Dans la deuxième édition de notre rubrique intitulée «Les Chroniques du Cinéma», et avant de publier un compte-rendu du Forum des Métiers du Droit, nous vous proposons de découvrir, ce mois-ci, le film «L’Exercice de l’Etat» sorti en octobre 2011, et signé Pierre Schoeller. Ce film a reçu un bon accueil de la critique, notamment lors de la dernière Cérémonie des Césars, où il a su résister face au rouleau-compresseur «The Artist». Après «Versailles» (2008), où le réalisateur nous offrait une plongée sans concessions dans la pauvreté de notre pays, en s’arrêtant aux portes du célèbre Château, Pierre Schoeller finit par pousser les portes du pouvoir, en s’attaquant aux dorures des Palais de la République, là où l’on court après le pouvoir.

Bertrand Saint-Jean (joué par Olivier Gourmet), ministre des Transports, est réveillé en pleine nuit par Gilles, son directeur de Cabinet (joué par un Michel Blanc époustouflant dans un registre totalement inédit) lui annonçant qu’un car avait basculé dans un ravin, faisant nombre de victimes. Face à un aussi tragique événement, les deux hommes ne peuvent qu’afficher leur unité. Pourtant, dans l’ombre, ces derniers s’opposent de façon virulente sur un dossier ultra-sensible, la privatisation des gares françaises. Saint-Jean s’y oppose farouchement, alors que son directeur de cabinet soutient ce projet. Désavoué par son collègue des Finances, et se sachant sur la sellette, il doit tout faire pour sauver sa peau.

Bande-annonce

Dans ce film, pure fiction mais pourtant très réaliste, Pierre Schoeller donne tout son sens à l’expression « animal politique ». Le réalisateur dépeint ici le monde politique, comme un monde sans foi ni loi, profondément bestial, où désirs et pulsions hantent, en permanence, l’homme politique. La scènes d’ouverture en est un parfait exemple. En effet, avant de nous montrer le politique dans sa fonction, le réalisateur nous montre, avant tout, un homme quasiment « en rut » suite à un rêve à l’ambiance étrangement proche de celles des films de Stanley Kubrick. Le ton est posé: « L’exercice de l’Etat », avant d’être un film politique, est un film sur le politique, sur l’homme derrière la fonction. D’ailleurs, le choix du ministre des Transports n’est pas anodin.

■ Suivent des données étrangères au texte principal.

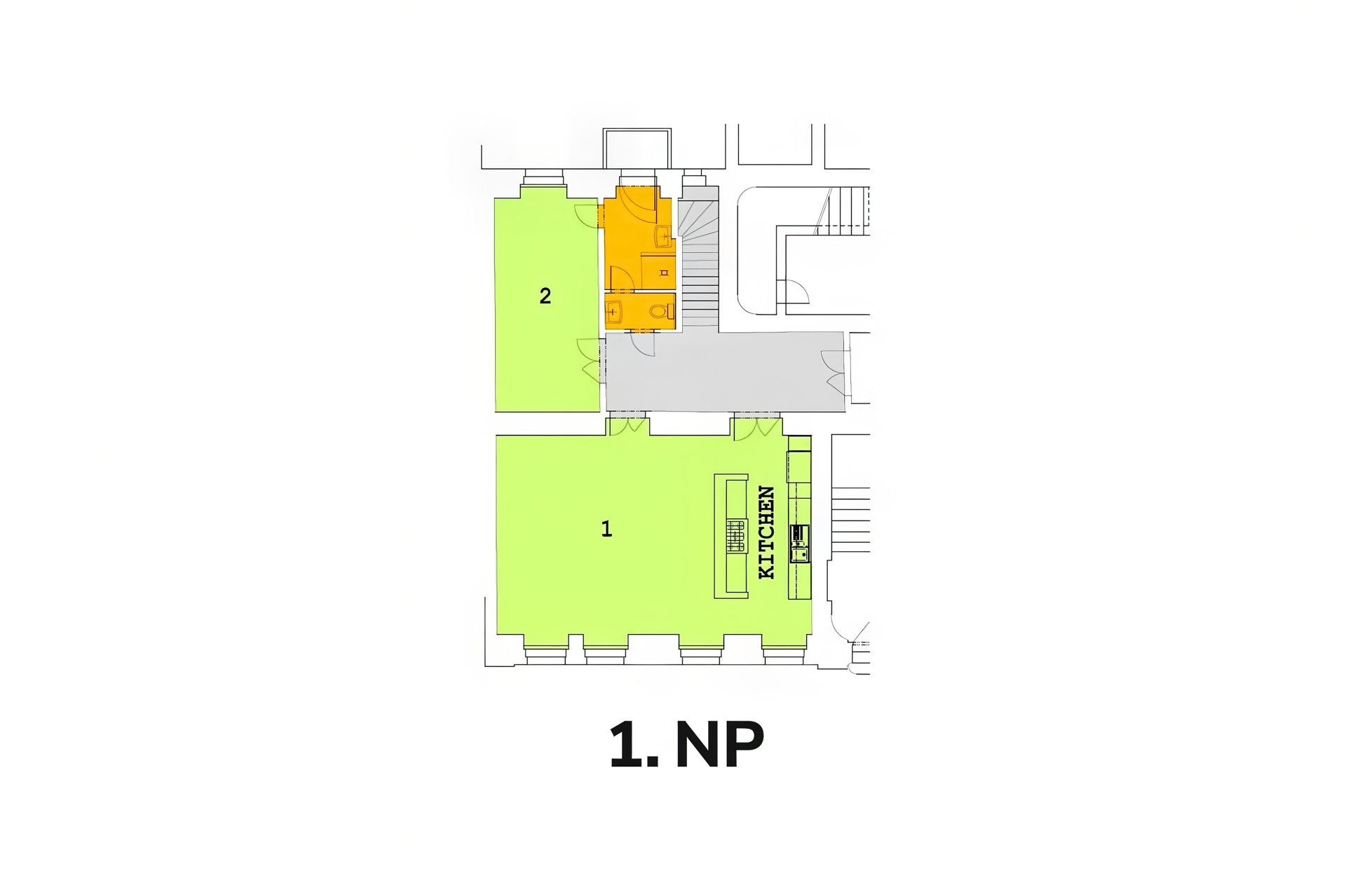 The location offers everything that makes life in Vinohrady (Vinohrady) so sought after: the iconic Riegrovy Sady Park (Riegrovy sady) with views of Hradčany (Hradčany), charming cafés and bistros, the popular farmers’ markets on Jiřího z Poděbrad Square (náměstí Jiřího z Poděbrad), and a wide variety of shops, restaurants, and fitness facilities. Excellent public transport access — the Vinohradská tržnice tram stop is just 3 minutes’ walk away, and Náměstí Míru and Jiřího z Poděbrad metro stations (line A) are both within easy walking distance.

Nous montrer le quotidien d’un ministre à l’influence plus que relative au sein du Gouvernement, permet rapidement à l’homme de prendre le dessus sur la fonction. En mettant ainsi l’homme au cœur du tourbillon quotidien qu’est la politique, le film nous montre justement comment ce tourbillon finit par user les corps et les esprits désenchantés, et donc broyer tout ceux qui servent l’État. Totalement discrédité auprès du grand public dans l’affaire de la privatisation des gares, Saint-Jean, en quête de crédibilité, est réduit à un exercice de communication permanent où l’image prime sur les convictions, image soigneusement façonnée par sa conseillère en communication (jouée par Zabou Breitman). Sa quête prend la forme d’une question, véritable fil rouge tout le long du film: comment éviter la sortie de route, garder le cap face à des événements, des conflits qui le broient au quotidien ?

 «L’Exercice de l’Etat», sans tomber dans le trop caricatural « tous pourris », nous dépeint, tout de même, un monde à part où les convictions semblent si peu importantes. Mais, en pleine période électorale, ce film nous permet de mieux comprendre, de mieux cerner l’homme derrière le politique, ou plutôt la « bête » politique. Bien plus complexe et torturé que le légèrement trop simpliste film de George Clooney «Les Marches du Pouvoir», il nous montre la politique sous un angle, parfois désenchanté voire même désespérant, mais toujours juste et passionnant.